Mais ce désir - cette obsession douce et sévère à la fois, délicieuse et exaspérante, sur laquelle l'ego se heurte (comment ça, ce n'est pas moi qui décide ?) alors que le corps dit si simplement OUI - et cette joie enfantine, ce sourire aux lèvres qui ne naît pas que du plaisir partagé mais aussi d'une émotion adolescente, maladroite et exquise à la fois, si vivante - j'avais oublié, et ça me ravit. Et si ça devait s'arrêter demain ? Ce qui est fort possible, et même, probable ?  
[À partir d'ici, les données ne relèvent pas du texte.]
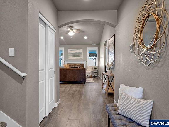 Open-concept layout designed for comfort and style. The gourmet kitchen features quartz countertops, soft-close cabinetry, huge pantry, and a large island with bar seating, perfect for entertaining. The inviting living room is centered around a cozy gas fireplace. Primary suite is conveniently located on the main level and includes a beautifully appointed full bath & access to your covered patio. The versatile fourth bedroom w/ a full bath offers endless possibilities, guest suite, office, or flex space. Situated on one of the largest lots in the neighborhood at .23 acres, this home provides exceptional outdoor living spaces with fruit trees and raised garden beds. Triple car garage is extra deep with additional storage area. With too many upgrades to list, this North Albany gem combines quality craftsmanship, thoughtful design, and an unbeatable location!

"Si je me suis trompé, en disant : Je t'aime, je préfère avoir dit : je t'aime. On ne me fera pas envier celui qui a eu raison sans aimer." - écrit Léotard. C'est vrai aussi même lorsque ce n'est pas dit, d'ailleurs.

Ariane

Cette patiente que je suis depuis des années peut devenir quasi mutique, voire catatonique, dans les périodes où elle va le plus mal. Mais même au plus fort de ses dépressions, elle a toujours gardé une extraordinaire capacité à rêver ; des rêves infiniment parlants, dont la description, sans associations, constituait la seule parole accessible pour elle. Charge à moi ensuite de transformer l'essai, de lui prêter mon appareil psychique pour que nous puissions nous rencontrer là. 
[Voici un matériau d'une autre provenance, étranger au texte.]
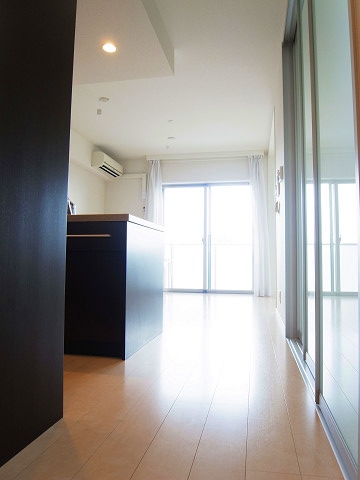 カーペット貼りのホテルライクな内廊下。ポーチが設けられ、このプライベート感は嬉しいものです。
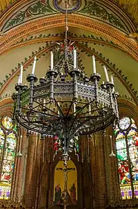 D'autres chandeliers sont en fer forgé quelquefois doré, et ils ont très souvent la forme d'une couronne[41],[44], quelquefois à cercles multiples et concentriques. Ce type de chandelier suspendu peut alors porter un nombre considérable de lumières.

 Elle va beaucoup mieux ; mais cette semaine elle est à nouveau venue avec un rêve - celui d'un labyrinthe en noir et blanc, très sombre, entouré de murs aveugles - et sans issue aucune ; et à nouveau, sa description était si vivante que je pouvais voir ce qu'elle voyait, errer avec elle dans cette pénombre. Et désormais, elle est en capacité de suivre son propre fil d'Ariane, et elle a amené aussitôt cet insight : j'ai pris conscience que je n'avais jamais été consolée - déroulant ensuite souvenirs d'enfance et chagrins d'adulte. Ce qui m'a fait associer sur cet enseignement reçu en formation : une dépression qui dure toute une vie, c'est un chagrin qui n'a jamais été consolé...
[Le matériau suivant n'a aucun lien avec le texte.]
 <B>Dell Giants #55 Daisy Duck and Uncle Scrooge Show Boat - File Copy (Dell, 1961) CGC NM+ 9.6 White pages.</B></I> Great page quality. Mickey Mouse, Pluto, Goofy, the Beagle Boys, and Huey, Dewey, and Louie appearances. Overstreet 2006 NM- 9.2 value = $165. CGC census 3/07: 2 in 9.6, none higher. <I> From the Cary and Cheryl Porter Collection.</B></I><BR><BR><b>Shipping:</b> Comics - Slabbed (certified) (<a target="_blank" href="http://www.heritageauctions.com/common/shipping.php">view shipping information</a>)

Quoi qu'il en soit, cette mise en mots l'a réanimée, au plus joli sens du terme. Quant à savoir si le chagrin est le Minotaure qui la poursuit, ou le labyrinthe lui-même, c'est une autre histoire...

19 février 2022

Aller voir la mer

 

Respirer loin de Paris. Savourer des amitiés qui durent respectivement depuis mes 13, 17 et 20 ans. Goûter les meilleures huîtres que j'ai jamais mangées. Boire un café au soleil en terrasse entre deux tempêtes. Échanger sur l'art de voir le verre à moitié plein (de champagne, si possible). Que demander de plus ?

16 février 2022

Hugo

"Il n'y a rien de plus réellement artistique que d'aimer les gens." (Vincent Van Gogh). C'est beau comme une fausse citation internet, mais je crois qu'elle est authentique. C'est ce qui nous relie aussi, cet ami et moi - la poésie au sens large du terme, et la capacité à se laisser toucher par l'autre, amicalement, amoureusement, humainement... une de ces amitiés où la discussion peut reprendre plus d'un an après comme si nous nous étions vu la veille, avec la même confiance et la même gaieté, où l'amour sous toutes ses formes est au centre - qu'il s'agisse de celui de nos métiers, de la littérature ou de l'autre, parce que, de quoi parler d'autre sinon ? Deux sales gosses hypersensibles et rieurs.... et puis avec qui d'autre évoquer Tilda Swinton errant dans les rues de Tanger dans Only lovers left alive - à six heures du matin dans une cuisine ? 

14 février 2022

Rose rouge et fleur bleue

Bonnes fêtes à tous les cœurs solitaires. On n’a pas Valentin, ni Valentine. On fait ce qu’on peut. C’est une grâce de savoir se lier aux autres. Ça ne vient pas que du hasard. Pas que d’un projet. C’est vraiment une grâce. La solitude c’est beau aussi, même si c’est vertigineux. Je vous aime, vous les cœurs remplis de tant d’hélium que la ficelle n’a pu tenir. It means : lonely hearts, I love you.

Ça, c'est ce qu'écrit la gracieuse Sophie Fontanel à la date de ce jour. Je la rejoins. Mais ce soir, je me suis laissée émouvoir par une rose que je n'attendais pas.